O embarque de passageiros enfermos, acidentados, menores desacompanhados e de grávidas, é regulamentado por uma série de regras. Dependendo da doença ou da gravidade do acidentado, é necessário um atestado médico ou mesmo da presença de um médico para acompanhar o passageiro. Para as grávidas, dependendo do estágio da gestação, também é requerido um atestado médico. Acontece que voando pelo Brasil afora, principalmente em rotas que atendem regiões mais carentes de recursos, nem sempre o passageiro consegue cumprir com as regras. Nestes casos, o “problema” acaba caindo no colo do comandante do voo, que, se seguir as normas, o passageiro fica, e se as ignorar, o passageiro embarca.
No passado, na “velha Varig”, não era raro fazermos “vista grossa” para algumas regras para permitir o embarque do passageiro nestas condições. Acreditávamos no bom senso e achávamos que se algo desse errado teríamos o apoio da empresa, que colocaria o departamento jurídico ao nosso favor. Uma das regras que a maioria não se incomodava de violar, era quanto ao código de vestimenta requerido ao passageiro. É que antigamente era vetado o embarque com chinelo de dedo, mas como vetar o embarque de pessoas simples que, por exemplo, viajavam de Cruzeiro do Sul para Rio Branco calçando sandálias Havaianas? É bem verdade que sempre havia um ou outro comandante (geralmente recém promovido e ávido para por em prática seu poder de comando) que recusava o embarque destas pessoas. Felizmente o regulamento mudou e hoje basta estar “calçado adequadamente”. Mas este era um caso simples, mais complicado eram os casos de passageiros doentes e acidentados.
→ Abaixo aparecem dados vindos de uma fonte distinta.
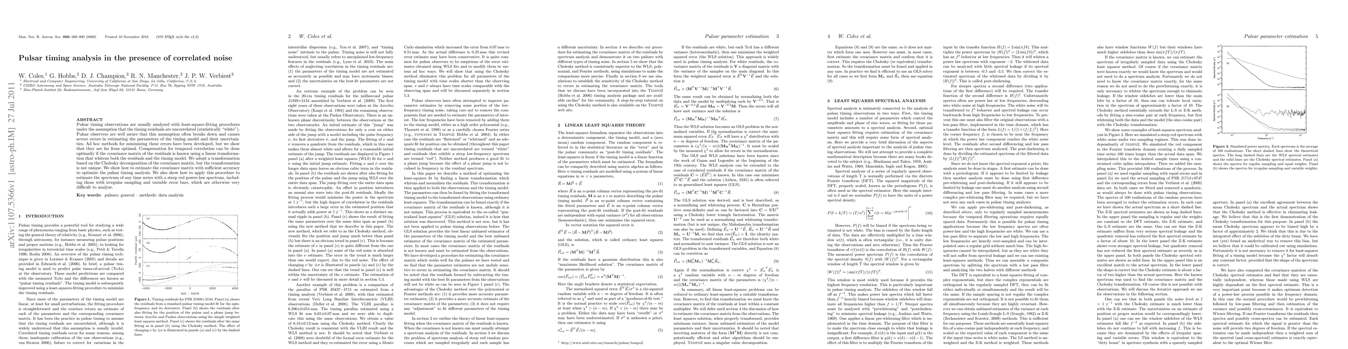 Pulsar timing observations are usually analysed with least-square-fitting procedures under the assumption that the timing residuals are uncorrelated (statistically "white"). Pulsar observers are well aware that this assumption often breaks down and causes severe errors in estimating the parameters of the timing model and their uncertainties. Ad hoc methods for minimizing these errors have been developed, but we show that they are far from optimal. Compensation for temporal correlation can be done optimally if the covariance matrix of the residuals is known using a linear transformation that whitens both the residuals and the timing model. We adopt a transformation based on the Cholesky decomposition of the covariance matrix, but the transformation is not unique. We show how to estimate the covariance matrix with sufficient accuracy to optimize the pulsar timing analysis. We also show how to apply this procedure to estimate the spectrum of any time series with a steep red power-law spectrum, including those with irregular sampling and variable error bars, which are otherwise very difficult to analyse.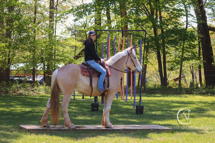 On the trails and outside of the ring is where Boulder shines. He is up for any adventure and is always reliable. He is safe in traffic, around hounds, on steep hills, and on treacherous terrains. He pops over logs, coupes, stone walls, and ditches bravely. He will ride alone, in a group, and will stand patiently when asked. He is very used to loading up and going new places to ride and camp, he steps off the trailer just as quiet as he is at home.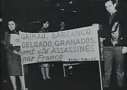 The other prisoners reportedly did not witness the "suicide". The only witness was the police in charge of the interrogation, who claimed that he was there to inform Barranco of his transfer to Madrid.[12] The case shows many similarities with the defenestration of Julian Grimau,[13] as well as with four police defenestrations suffered by inmates between 1963 and 1969, none of which was admitted by the authorities.[14] The police prevented his mother from seeing her dying son and were present at his funeral,[15] discouraging his own friends from attending.[16] Many dubious rumours spread about the reasons for his arrest, for example, that he was involved in some anti-Francoist conspiracy and that he found his missing father in Paris.[17]

Certa vez, quando eu era copiloto de 737-200 e efetuava voo RG 254 de São Paulo para Belém com escalas, houve uma situação em que as regras foram ignoradas. Em Marabá se apresentou para o embarque um garoto que necessitava seguir para Belém em busca de atendimento médico urgente, pois havia sido mordido por uma cobra. O menino, que deveria ter 12 anos, estava realmente em péssimas condições, com uma das pernas inchada e envolta em ataduras. Ele não viajaria com a mãe ou com o pai, mas em companhia de uma senhora que dizia ser tia dele, e que tinha a incumbência de segurar um frasco de soro que estava sendo ministrado ao garoto. Além de não ter qualquer atestado médico que o liberasse para viajar de avião, ele mal conseguia se sentar corretamente, pois o corpo doía muito. Difícil a situação dele.
O comandante era o Eduardo Silveira, um excelente aviador oriundo da Cruzeiro, que conversando com o pessoal de solo em Marabá, iniciou uma coleta de informações para decidir se levava o garoto naquelas condições ou não. O menino estava vindo do hospital de Marabá que já não tinha como cuidar dele, por isso a necessidade de seguir para Belém. Seguir as regras e impedir o embarque seria uma crueldade. Por outro lado, ignorá-las, seria assumir a responsabilidade caso algo desse errado durante a viagem, coisa que não parecia improvável, tamanho era o sofrimento do menino. O comandante Eduardo fez o que era certo naqueles tempos, e decidiu ajudar.
Me lembro que assim que as portas do avião foram fechadas, fizemos uma operação “high speed”, ou seja, agilizando a partida dos motores, procedimento de taxi e voando na velocidade máxima do Boeing 737. Para o comandante Eduardo, aquela operação high speed era absolutamente normal, pois era assim que os pilotos da Cruzeiro voavam. Na aproximação para o pouso em Belém podíamos observar uma chuva forte sobre a cidade e que se dirigia para cima da pista de pouso. Nos últimos instantes, já cruzando a cabeceira da pista, entramos em uma chuva torrencial. Ainda bem que era o comandante que estava pilotando o avião, pois aquela situação estava além de minha capacidade. Talvez o mais prudente tivesse sido arremeter e aguardar pela melhora das condições, mas de acordo com as comissárias que estavam monitorando o garoto, 20 minutos a mais de voo poderia ser muito para ele. Apesar da chuva forte, foi um pouso perfeito, e assim que o avião foi estacionado, o menino desembarcou antes dos demais, sendo imediatamente acomodado em uma ambulância.
Fui copiloto do cmt. Eduardo Silveira em diversos voos no período de 89/90, e anos depois voamos juntos no MD-11. Ele continua voando aqui no Brasil, e sempre que eu encontro com ele nos corredores de aeroportos nós relembramos daquele voo em que a decisão dele provavelmente significou muito para aquele menino, talvez a própria vida.